謝懷章在這方面沒什麼經驗,連頭一個孩子都是快到生產的時候才碰上的,又哪裡能知道懷孕初期是什麼樣子。
“你懷圓圓的時候是什麼時候有感覺的?”
容辭仰面躺著,經歷了這麼多,回憶起當初的事情也不覺得難受了:“好像是快五個月的時候罷,圓圓在肚子裡就乖的很,一開始除了口味有一點點變化,和平時也沒什麼不同,我是直到四個月,身型有了變化才被李嬤嬤發現有了身孕的。”
現在想想,那時圓圓像是在她腹中就有了思想似的,知道若是被母親早些發現自己的存在,恐怕就無法存活,因此才那樣乖巧。
可惜,容辭並不會是因為月份大了,落胎有生命危險救輕易罷手的人……
未婚的少女,婚期就在一兩天之內,卻突然自己已經有了四個月的身孕,這樣的絕望光是想想就讓人覺得可怕,謝懷章聽著容辭這語氣平淡的話,心裡很不是滋味——這樣的痛苦,竟然是他本人一手造成的。
謝懷章側過身去,將容辭整個兒摟緊懷裡,輕聲問:“害怕麼?”
容辭想了想:“自然是怕……但是說實話,我當時早就打定了主意要向顧宗霖坦白那事了,不管有沒有身孕都一樣,無論如何都要死,並沒有什麼區別。”
謝懷章早就知道她的性情有些外熱內冷,可是現在才能更深刻的了解容辭性格中天然帶著的孤注一擲的固執與堅定——她自然也像普通人一樣畏懼死亡,但是為了認定的覺得正確的事,她卻能帶著這種畏懼將生死置之度外,不因任何事情而動搖。

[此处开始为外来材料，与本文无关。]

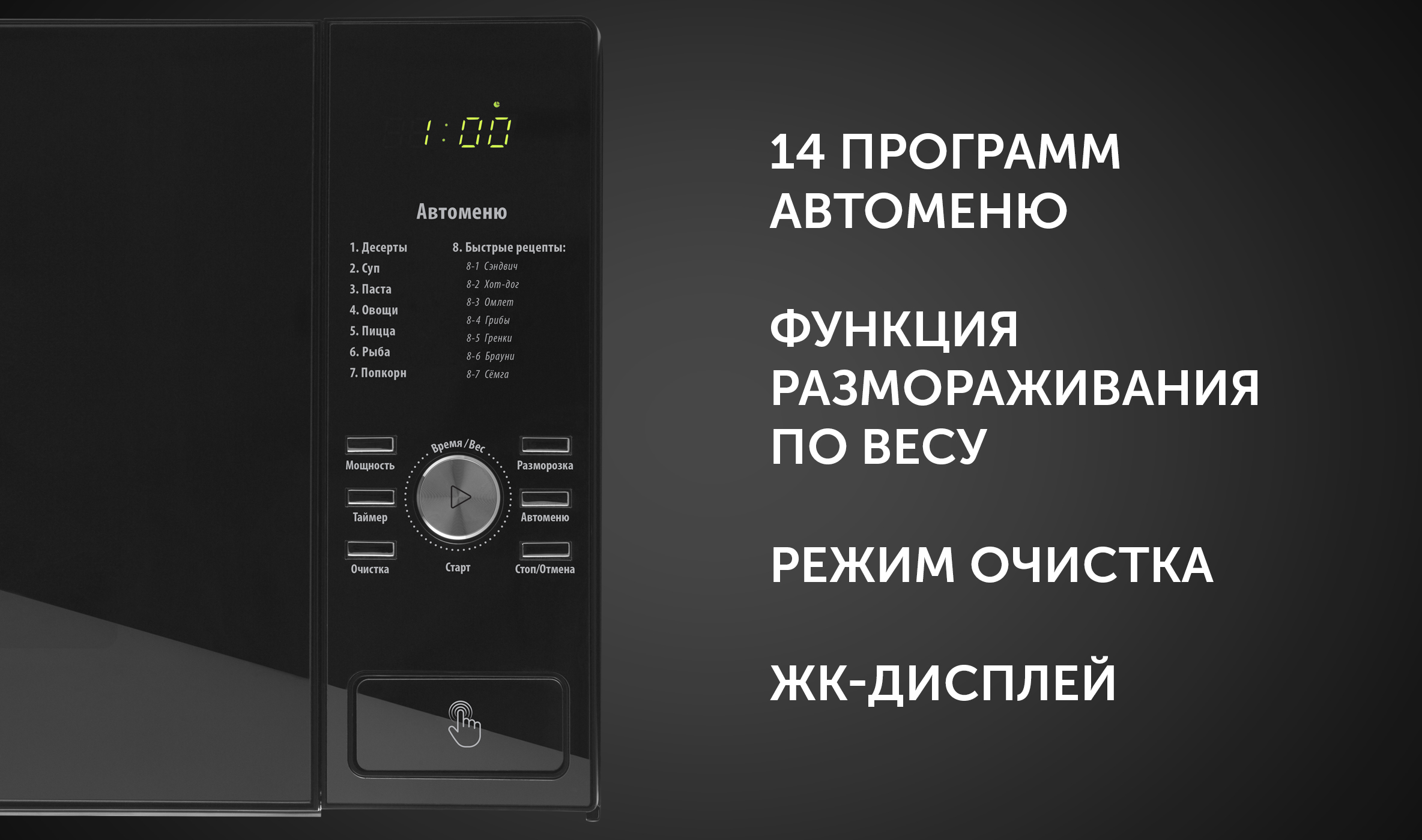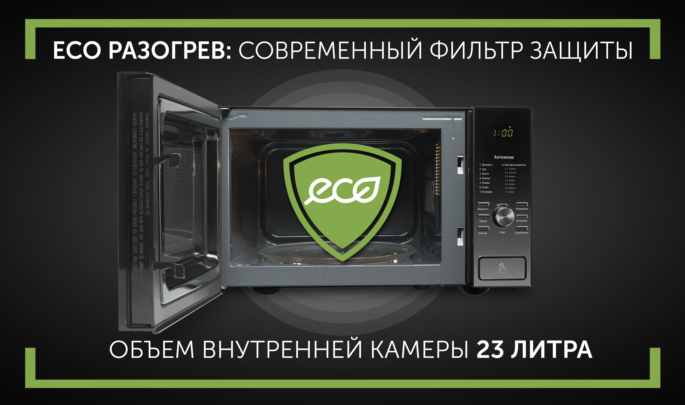 - Технические характеристикиНамінальная рабочая магутнасць1400 ВтАб'ём ўнутранай камеры23 л3D TurboHeat: сістэма раўнамернага размеркавання мікрахваляў і прыгатавання з 3-х бакоўЁсцьECO разагрэў: Сучасны фільтр абароныЁсцьPRO - 3 EASY CARE: інавацыйнае пакрыццё лёгкай ачысткіЁсцьФункцыя размарожвання па вазеЁсцьКолькасць праграм автоменю14Блакаванне ад дзяцейЁсцьВК-дысплейЁсцьПадсвятленне падчас працыЁсць10 гадоў гарантыі на пакрыццё ад карозііЁсцьЯкое верціцца шкляное страва, d270ГабаритыВага нета, кг13Вага брута, кг15Габарыты кораба, см54,7x41x33,7Колер105

小事很好說話,但是真正關鍵的大事,卻極有自己的主意,任誰來勸都不作數。
謝懷章在心中低嘆了一聲——這樣的一個女子,到底被他暖熱了,現在她懷著自己的孩子,就安靜的伏在他懷中,還有什麼好求的呢?
“懷孕時辛苦麼?”
“我倒不覺得,除了上了月份時覺得容易累,其他也沒什麼特別的。”
謝懷章略微放了心,他輕輕吻著容辭的臉頰,安慰道:“我明日再召太醫來問問,一定照顧好你。”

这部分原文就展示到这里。